In arguably quiet fashion, the healthcare sector is racing higher. Over the 90 days ending July 7, the largest basic healthcare ETF surged 12.41%. Shares of Dow component UnitedHealth Group Inc. (UNH) were even better over that span, surging 52%.

Fortunately for aggressive traders, the health insurance giant can be livened up with the Direxion Daily UNH Bull 2X ETF (UNHU). UNHU, which attempts to deliver 200% of the daily returns of the UnitedHealth stock, debuted in March. That could prove to be a well-timed addition to Direxion’s suite of geared ETFs, because a growing number of market observers believe an earnest market rotation is afoot, and healthcare stocks are benefiting from that trend. Something else for prospective UNHU traders to consider is the strong technical state of the underlying stock.

“Technical indicators show strong buying momentum: the MACD signals a strong buy, and the ADX confirms persistent buying pressure,” according to Traders Union. “The RSI is elevated at 58.68 with a buy signal, while the Stochastic RSI at 8.69 reveals an oversold condition, creating short-term conflicting cues. Both the Commodity Channel Index (CCI) and Bull/Bear Power (BBP) reflect dominant buying, with BBP in overbought territory.”

Fundamentals Could Support UNHU, Too

As experienced investors know, the healthcare sector, particularly insurance providers, is fraught with political and regulatory risk. However, there are fundamental points of allure with UnitedHealth that could support occasional use of UNHU by risk-tolerant traders.

“In medical insurance, we believe UnitedHealth operates with cost advantages and network effects,” noted Morningstar’s Julie Utterback. “Although the firm operates a broad nationwide network, we think UnitedHealth benefits from scale advantages in specific locations, too, which is the key determinant of moats in medical insurance since local scale allows for greater negotiating leverage versus local healthcare suppliers than smaller insurers in each market.”

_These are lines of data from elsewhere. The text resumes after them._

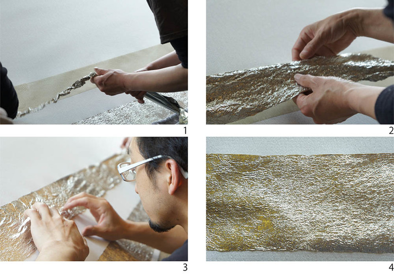 錫箔は日本で職人によって錫箔を手揉み加工、和紙で裏打ちしたものを製作し、それを輸送して現地でウォールペーパーを貼る要領で施工を行った。現地の職人でも日本の高度な空間表現を可能にしている。
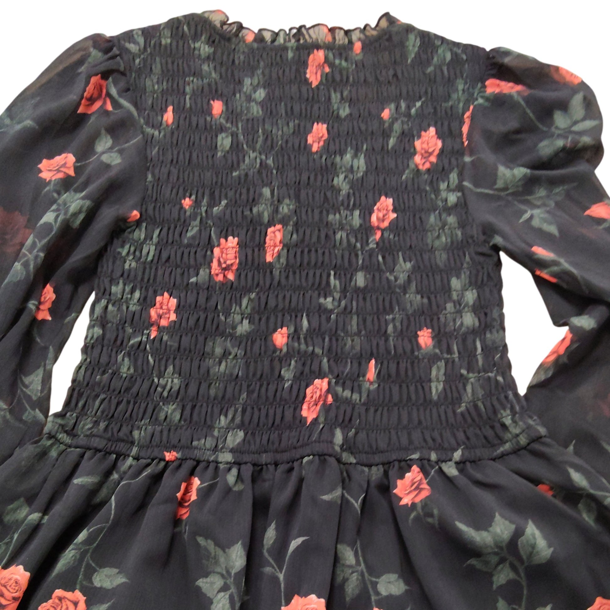 River Island Floral Smock Dress UK6 Women's Long Sleeve Black With Roses
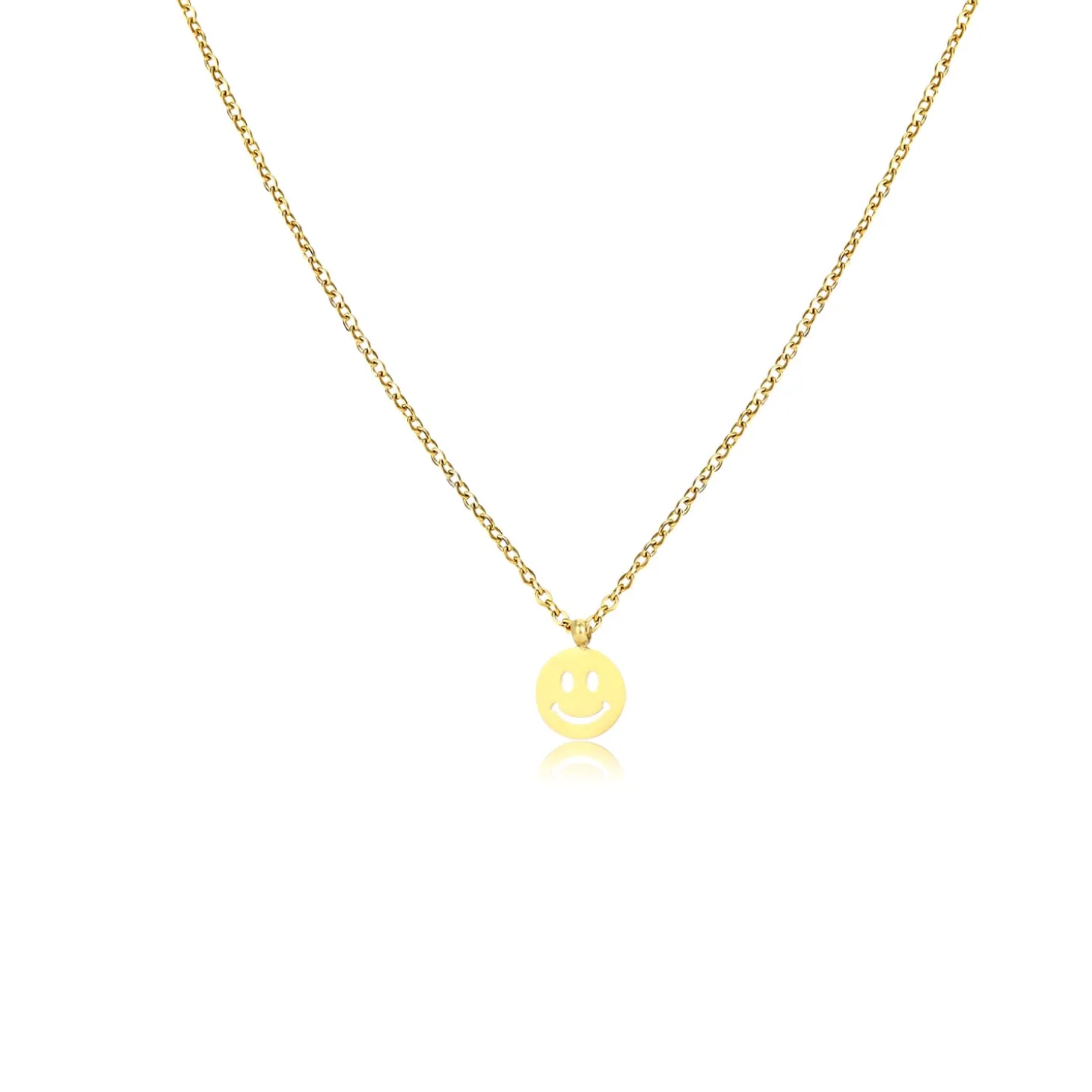 Gouden ketting met smiley. Lengte 40cm en nog eens te verlengen met 5cm. Gemaakt van hoogwaardig stainless steel.
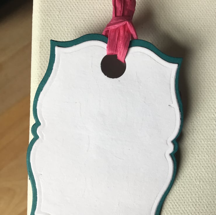 The aubergine tags have a purple ribbon and the teal ones have pink raffia.
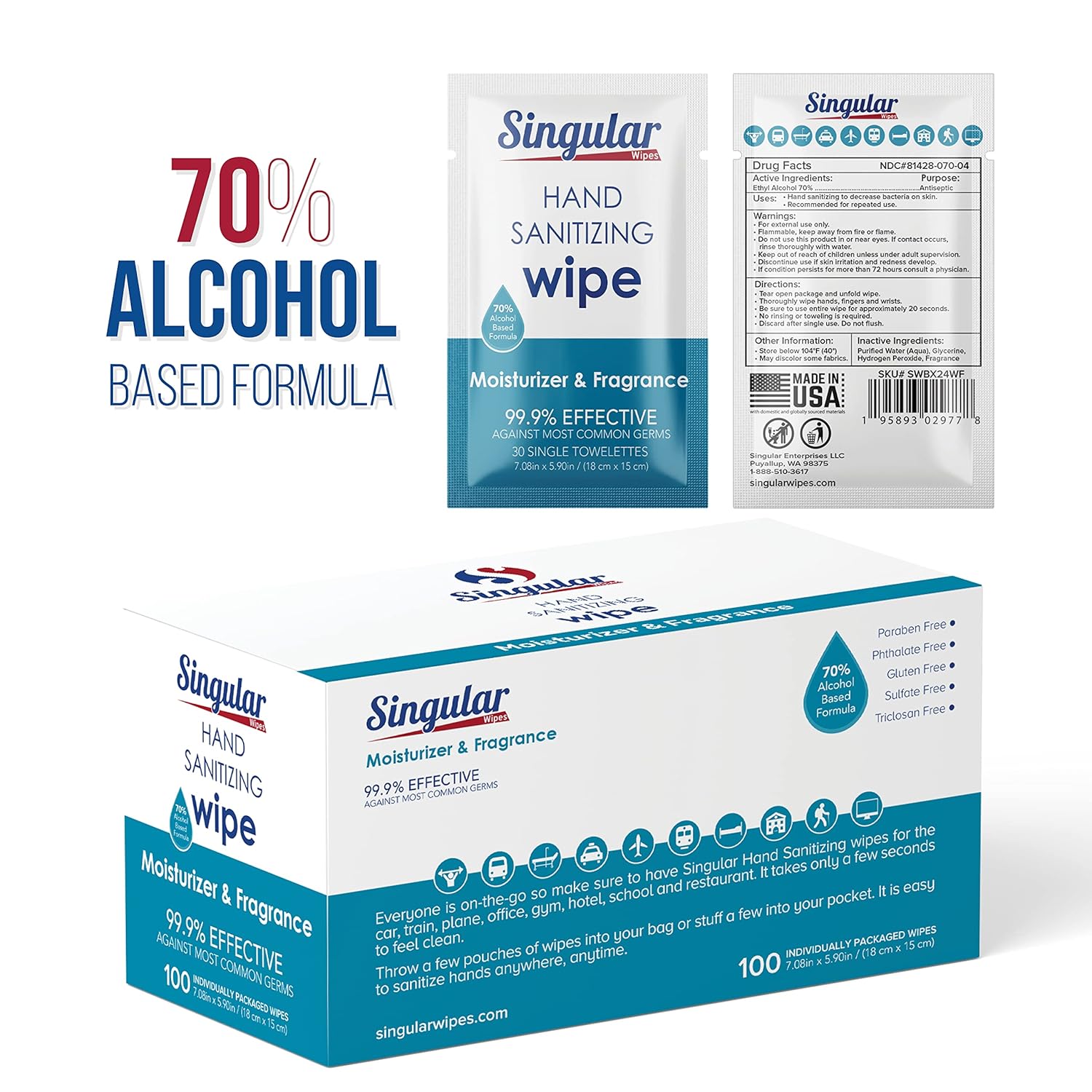 Hand Sanitizing Wipes Travel Size by Singular Wipes – 100ct Individually Wrapped | Fresh Citrus Scent, Moisturizing, 70% Alcohol Wipes | Travel, Office, School, Home | Made in USA
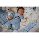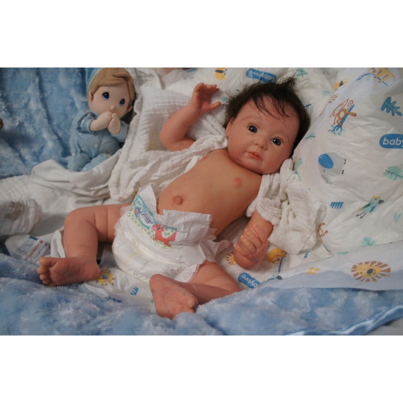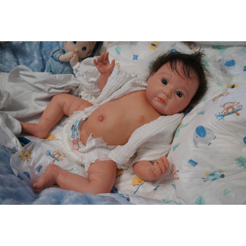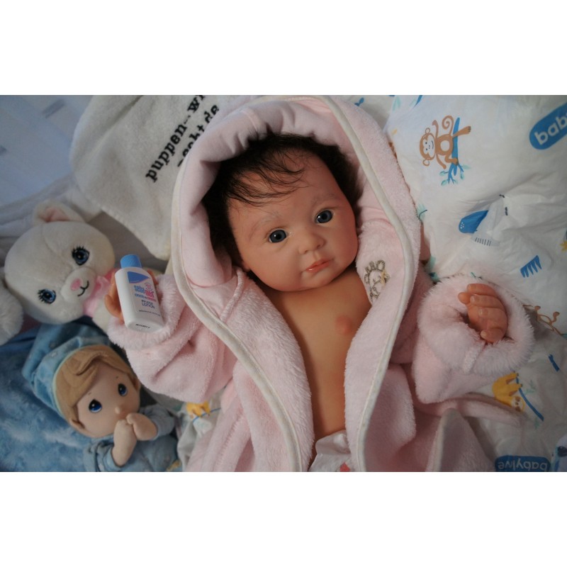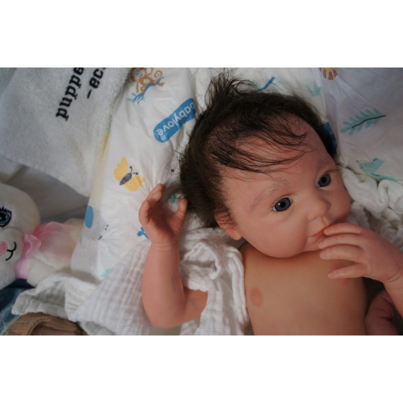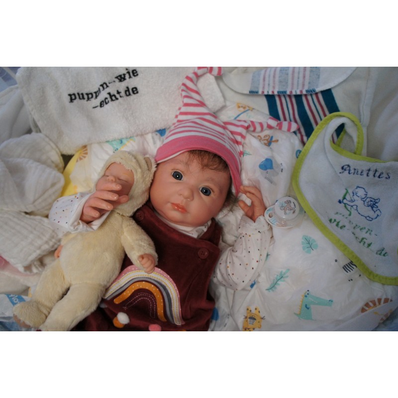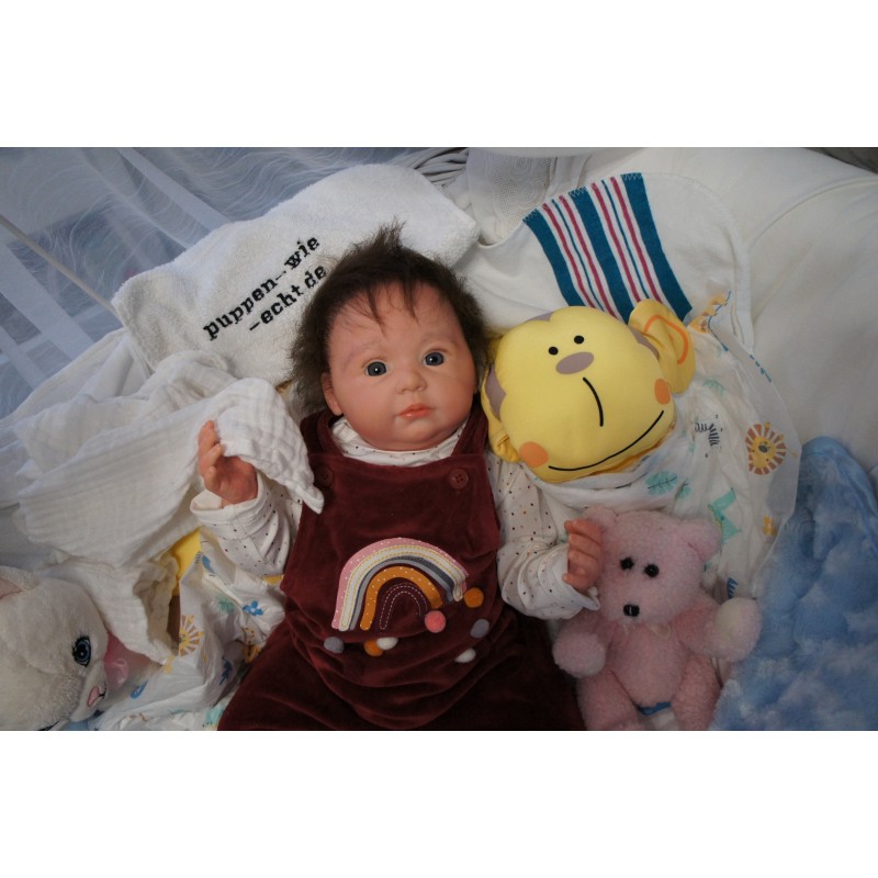 Ich wurde mit hochwertigen Farben in Real Effekt Technik eingefärbt. Mit Genesis Farben habe ich dieses alles noch mal zum Schluss gut versiegelt und eingebrannt. Diese wurde in mehreren Schichten aufgetragen, sodass ein sehr realistisches Hautbild entstanden ist. (Wisch- und Wasserfest kein Abblättern mgl). Feinste Schattierungen und leichte Betonung der Speckfalten wurden bei mir auch nicht vergessen. Leichte Äderchen an Händen, Armen, Füßchen, Beinen, Ohren, Kopf und Gesicht lassen mich wie ein echtes Baby aussehen. Jedes Fältchen an mir wurde einzeln betont. Zarte Augenbrauen wurden mir auch gegeben. Meine Nase wurde geöffnet und hinterlegt, sodass ich jetzt auch gut Luft bekomme. Auch zarte Befeuchtung der Augen, Mund und Nase lassen mich noch echter wirken.

UnitedHealth’s pharmacy benefit manager (PBM), Optum Rx, also possesses positive moat attributes that could spark the stock and thus UNHU. In the PBM space, scale is essential, and UnitedHealth is one of a small number of players that has it. That potentially signals that Optum Rx could be an occasional propellant for the geared UNHU.

“The top three PBMs process about 80% of US pharmaceutical claims, and we think their historical cost advantages over other players led to their dominance of this market. However, they do not appear to have significant cost advantages over one another any longer,” added Utterback.